A Defense of the Lecture
One of the most entrenched opinions in discussions of pedagogy in higher ed is that classes should ideally be discussion-based, with lecturing kept to an absolute minimum. Lectures, we are told, fail to teach students in an enduring way, because they inculcate a passive learning style that results in information being stored only long enough to be “regurgitated” on an exam and forgotten soon after. By contrast, conventional wisdom holds, students are unlikely to forget what they learn in the context of a discussion, because they have to work hard to come up with their own answers. In this context, the consistent reports from students that they want more lectures are dismissed as laziness on their part, a reflection of a less-developed learning style that we need to challenge rather than coddle.
A lively discussion of a book by a small, engaged group is an ideal to be aspired to. At the same time, it seems to me that such discussions are pretty rare, even among professional academics (note how often people will express surprise that a conference session had good discussion). Such skills need to be cultivated, and of course you can only learn by doing. Yet there are some base-level confidence issues that need to be addressed as well, and unless we want to cultivate students who believe that their every utterance is intrinsically worthwhile due to their precious snowflake-hood, it would probably be good to get them to a point where their confidence is earned, where it’s based in actual knowledge.
A big part of that has to be getting them to a point where they are good readers. That means being actual baseline good readers who are able to identify key themes, sympathetically state the author’s argument in their own words, talk about what each section of the book is supposed to be contributing to the whole, and so on — that kind of thing is the necessary foundation for the “critical reading” stage.
I think that the assumption that students have baseline reading skills is behind the thinking of people who want more or less exclusively discussion-based classes — lectures, they suppose, are just trying to transmit information, which the books can do by themselves. If we assume that the students are reading attentively outside of class, we can use the class time to practice our critical reading with each other. I don’t think it’s at all clear, however, that students typically come to college with the skills necessary to make such a model work. Some will, but it’s much safer to assume that your students need help. And I believe that we should interpret students’ desire for more lectures precisely as a cry for help.
Lectures can play a significant role in getting students to that next level if they’re used not primarily to transmit information, but to guide students in their reading and in certain modes of thinking. Lectures have significant advantages over written texts — including the ability to use the full range of tone and pacing that an improvised oral delivery allows, as well as the ability to check in periodically to make sure students are still “on board” and change the presentation if necessary — and those advantages should be mobilized in a way that feeds into the reading process itself. A simple example is telling students what they should be looking for in their readings and giving them an outline of the basic argument ahead of time (my own students have requested as much). This will give them more confidence going in and give them a way of seeing what it looks like for themes to emerge or arguments to be strung together. After a few classes worth of that kind of directed reading, perhaps they’ll be ready to begin drawing out themes and arguments themselves. Again, these skills are not something we should be taking for granted!

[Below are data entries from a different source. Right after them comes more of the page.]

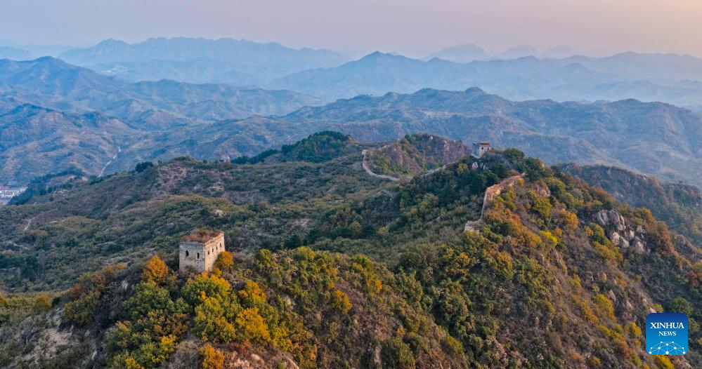 An aerial drone photo taken on Oct. 28, 2025 shows the scenery in the morning at a section of the ancient Great Wall in Zunhua City of north China's Hebei Province. (Photo by Liu Mancang/Xinhua)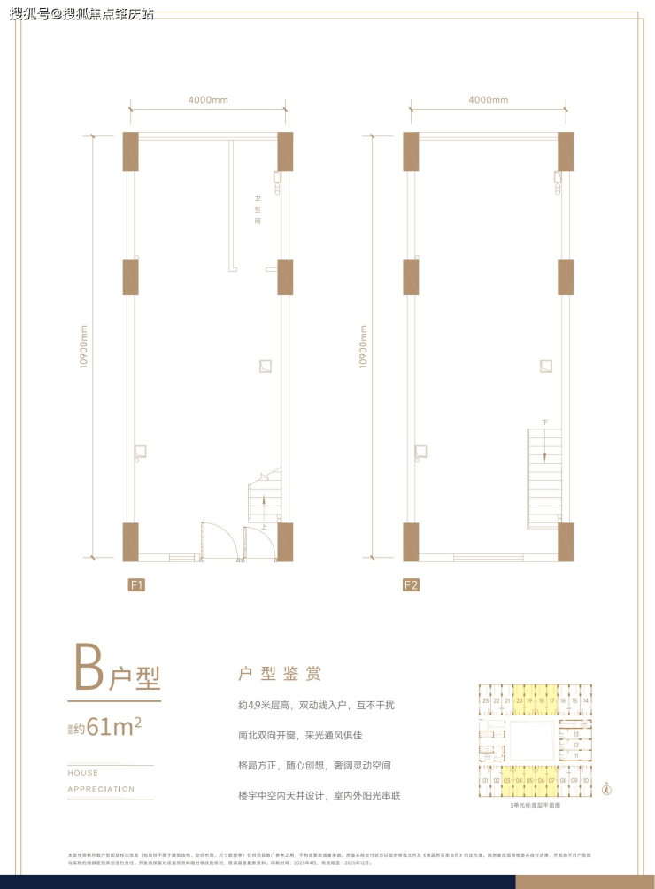 ⭐在售户型:约60㎡ 约4.9m双层空间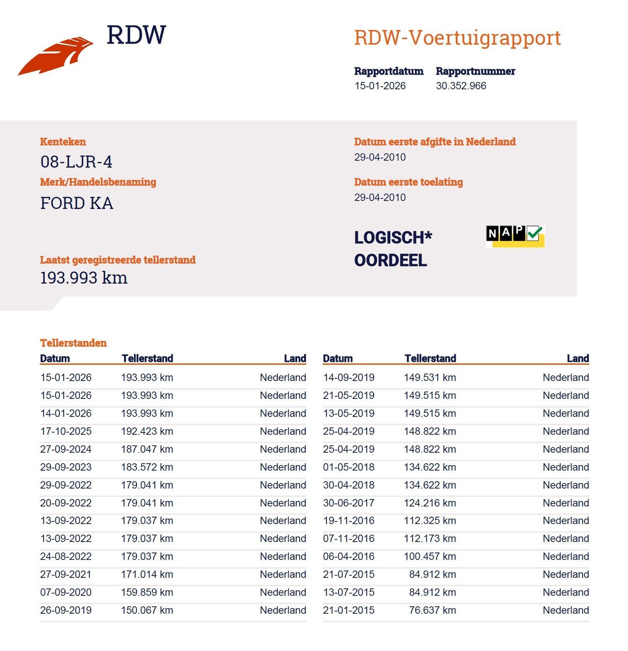| Kilometerstand | 193.993 km |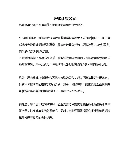 坏账计算公式主要有两种:足额计提法和比例计提法。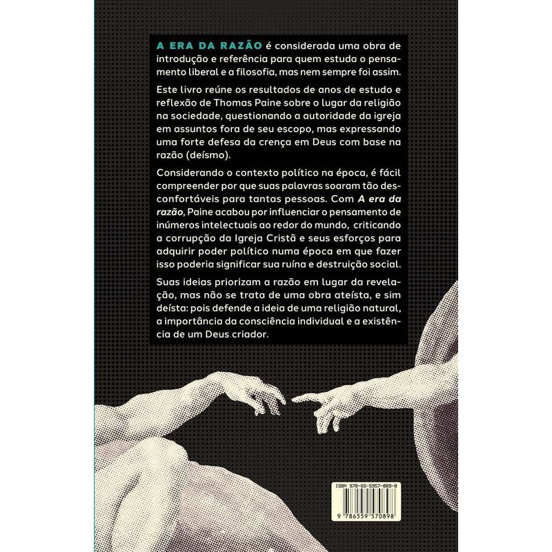 A era da razão é considerada uma obra de introdução e referência para quem estuda o pensamento liberal e a filosofia, mas nem sempre foi assim. Este livro reúne os resultados de anos de estudo e reflexão de Thomas Paine sobre o lugar da religião na sociedade, questionando a autoridade da igreja em assuntos fora de seu escopo, mas expressando uma forte defesa da crença em Deus com base na razão (deísmo). Considerando o contexto político na época, é fácil compreender por que suas palavras soaram tão desconfortáveis para tantas pessoas. Com A era da razão, Paine acabou por influenciar o pensamento de inúmeros intelectuais ao redor do mundo, criticando a corrupção da Igreja Cristã e seus esforços para adquirir poder político numa época em que fazer isso poderia significar sua ruína e destruição social. Suas ideias priorizam a razão em lugar da revelação, mas não se trata de uma obra ateísta, e sim deísta: pois defende a ideia de uma religião natural, a importância da consciência individual e a existência de um Deus criador. “A arma mais formidável contra todos os tipos de erros é a razão.” — Thomas Paine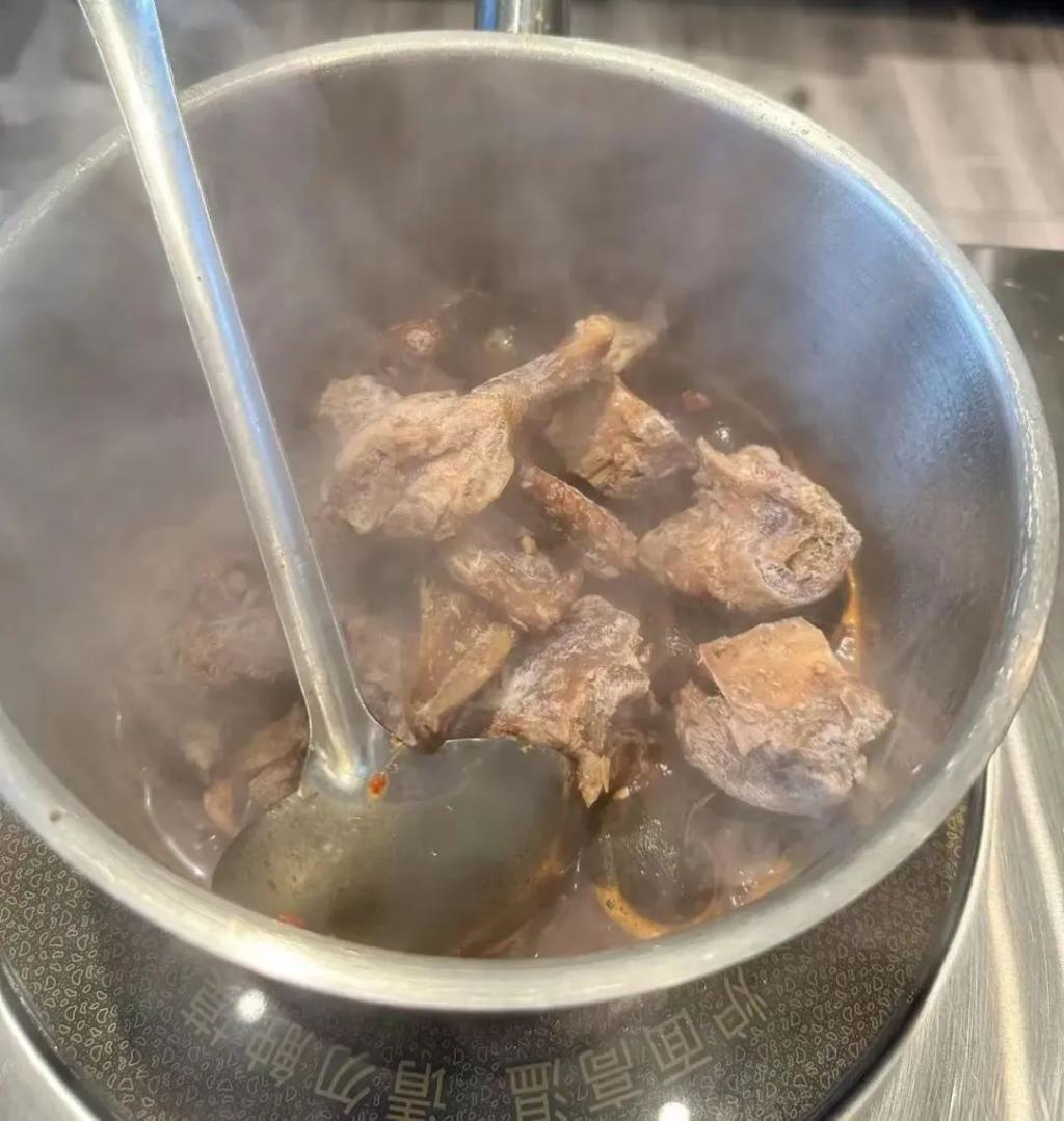 红餐网实地走访广州的一家黑鸭煲门店后也发现,门店有标榜 " 整鸭鲜卤 ",但实际上,工作人员是从冰箱中取出的袋装冻鸭肉,在炖煮时,甚至都没有解冻,便直接投入了锅中熬煮。可想而知,消费者的体验感会有多差。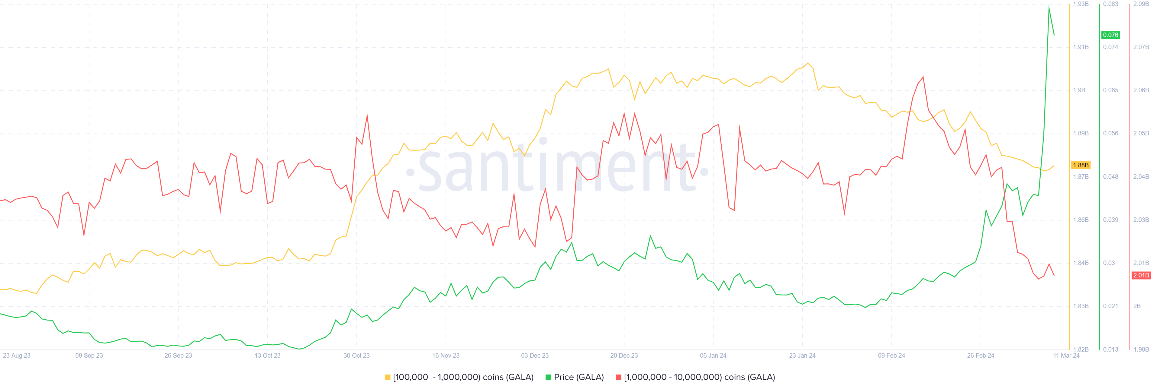 فقد باعت العناوين التي تحتفظ بما يتراوح بين 100 ألف إلى 10 ملايين GALA أكثر من 30 مليون GALA في غضون عشرة أيام. تتركز معظم عمليات البيع هذه في الوقت الذي بدأ فيه سعر جالا (GALA) في الارتفاع، مما يجعل المزيد من الارتفاعات حدثًا مطلقًا للبيع.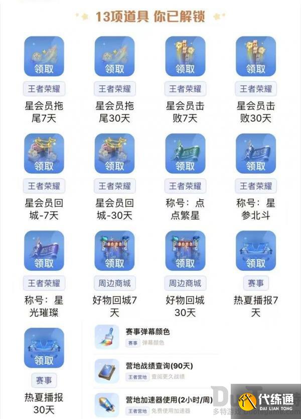13级:营地加速器5小时/周、永久星会员回城

What’s more, it’s not at all clear to me that imposing a straight discussion model on students who are bewildered and disoriented about the readings is going to do much good for them. I have learned this lesson from hard experience after trying an “inductive” pedagogical approach and finding that the texts only began to make sense to them after I gave up on leading questions and directly told them what themes they should have found. If I had begun instead of ended with that, not only would the discussion have been able to proceed at a higher level, but their reading time would have been better spent as well. Preparing students for the reading can be an important way of being respectful of their time in a context where they face ever-greater demands outside the classroom.
This brings me to another unpopular element of traditional pedagogy: the so-called “regurgitation”-style exam. It seems to me that to be productive in class discussion, students first need to be comfortable talking amongst themselves about the subject matter — and the best way to cultivate that comfort may well be for them to study in groups in an old-fashioned information-heavy course. The process of coming up with easy ways to remember things is a way of putting things into their own words and getting at the concepts, something they’re much more likely to do if they’re studying with others rather than trying to memorize things alone in their room. Not having the pressure of having to “perform” in front of the professor might also be helpful there. Hence even the much-derided process of studying for a “regurgitation”-style test has its role — and it also meets the students at the level of learning they are likely bringing with them from high school.
Overall, I believe that the traditional pedagogical methods, such as lectures and information-heavy exams, have an essential role, as long as they’re used in a conscious way. They have the possibility of covering up the flaws of lazy or unengaged educators in some cases, but then so does the discussion model — showing up with the book in hand and asking, “So what’d you think?” arguably takes even less work than delivering a decades-old lecture.
The goals of critical thinking are the only possible goals of a liberal arts education, and I support them without reservation. Yet you can’t jump straight to them, and I think that a lot of the ways people talk about pedagogy assume that you can — and what enables them to do that is to assume that the books can handle the data transmission just fine. We need to take seriously the fact that on many important levels, freshmen (and not just freshmen) don’t know how to read. It’s a fixable problem, but it’s a real one.